WORK INSTRUCTION: After finding the line with "Add a personalized" in the entries below, retype exactly each line from there through the line with "Puppe Hanni 45", including that final line.

--- PROVIDED INFORMATION ---

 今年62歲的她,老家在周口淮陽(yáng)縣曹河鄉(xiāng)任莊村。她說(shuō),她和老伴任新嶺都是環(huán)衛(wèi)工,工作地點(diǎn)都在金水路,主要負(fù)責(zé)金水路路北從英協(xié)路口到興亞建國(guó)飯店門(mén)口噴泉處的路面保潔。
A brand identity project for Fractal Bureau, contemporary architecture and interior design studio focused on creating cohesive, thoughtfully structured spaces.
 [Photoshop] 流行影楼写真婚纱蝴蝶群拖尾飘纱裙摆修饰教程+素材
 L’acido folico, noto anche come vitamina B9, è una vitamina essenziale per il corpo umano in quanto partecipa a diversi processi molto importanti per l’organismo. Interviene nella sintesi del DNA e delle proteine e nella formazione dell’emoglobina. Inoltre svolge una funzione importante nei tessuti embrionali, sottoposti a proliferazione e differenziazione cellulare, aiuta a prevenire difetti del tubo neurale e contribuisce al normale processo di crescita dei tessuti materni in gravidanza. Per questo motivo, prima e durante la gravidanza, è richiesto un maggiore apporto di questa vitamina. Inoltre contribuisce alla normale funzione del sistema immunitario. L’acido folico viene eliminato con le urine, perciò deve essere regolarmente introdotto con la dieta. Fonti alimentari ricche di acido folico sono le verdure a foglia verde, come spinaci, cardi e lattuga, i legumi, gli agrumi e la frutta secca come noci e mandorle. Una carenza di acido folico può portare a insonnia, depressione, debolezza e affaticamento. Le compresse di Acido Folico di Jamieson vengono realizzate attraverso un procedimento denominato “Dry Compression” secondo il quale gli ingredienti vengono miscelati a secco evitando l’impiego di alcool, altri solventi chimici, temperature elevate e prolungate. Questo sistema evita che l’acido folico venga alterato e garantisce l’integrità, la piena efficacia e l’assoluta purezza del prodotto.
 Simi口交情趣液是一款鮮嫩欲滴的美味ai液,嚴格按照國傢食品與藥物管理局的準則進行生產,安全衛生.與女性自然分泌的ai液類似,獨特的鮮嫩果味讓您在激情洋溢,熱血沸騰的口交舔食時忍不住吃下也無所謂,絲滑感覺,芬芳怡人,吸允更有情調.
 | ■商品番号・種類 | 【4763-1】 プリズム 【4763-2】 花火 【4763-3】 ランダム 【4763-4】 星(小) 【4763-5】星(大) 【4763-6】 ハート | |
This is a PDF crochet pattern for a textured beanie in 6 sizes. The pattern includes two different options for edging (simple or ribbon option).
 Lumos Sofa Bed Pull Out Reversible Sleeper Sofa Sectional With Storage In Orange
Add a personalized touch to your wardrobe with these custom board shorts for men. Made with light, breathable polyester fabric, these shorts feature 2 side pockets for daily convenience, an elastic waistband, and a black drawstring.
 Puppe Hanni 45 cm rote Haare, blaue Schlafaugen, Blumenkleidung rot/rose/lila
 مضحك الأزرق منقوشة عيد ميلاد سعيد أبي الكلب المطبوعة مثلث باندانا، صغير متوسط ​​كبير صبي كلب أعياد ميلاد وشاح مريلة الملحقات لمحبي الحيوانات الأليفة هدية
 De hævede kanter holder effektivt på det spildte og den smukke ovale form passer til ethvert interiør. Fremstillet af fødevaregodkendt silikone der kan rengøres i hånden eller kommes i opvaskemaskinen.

---

TASK OUTPUT:
Add a personalized touch to your wardrobe with these custom board shorts for men. Made with light, breathable polyester fabric, these shorts feature 2 side pockets for daily convenience, an elastic waistband, and a black drawstring.
 Puppe Hanni 45 cm rote Haare, blaue Schlafaugen, Blumenkleidung rot/rose/lila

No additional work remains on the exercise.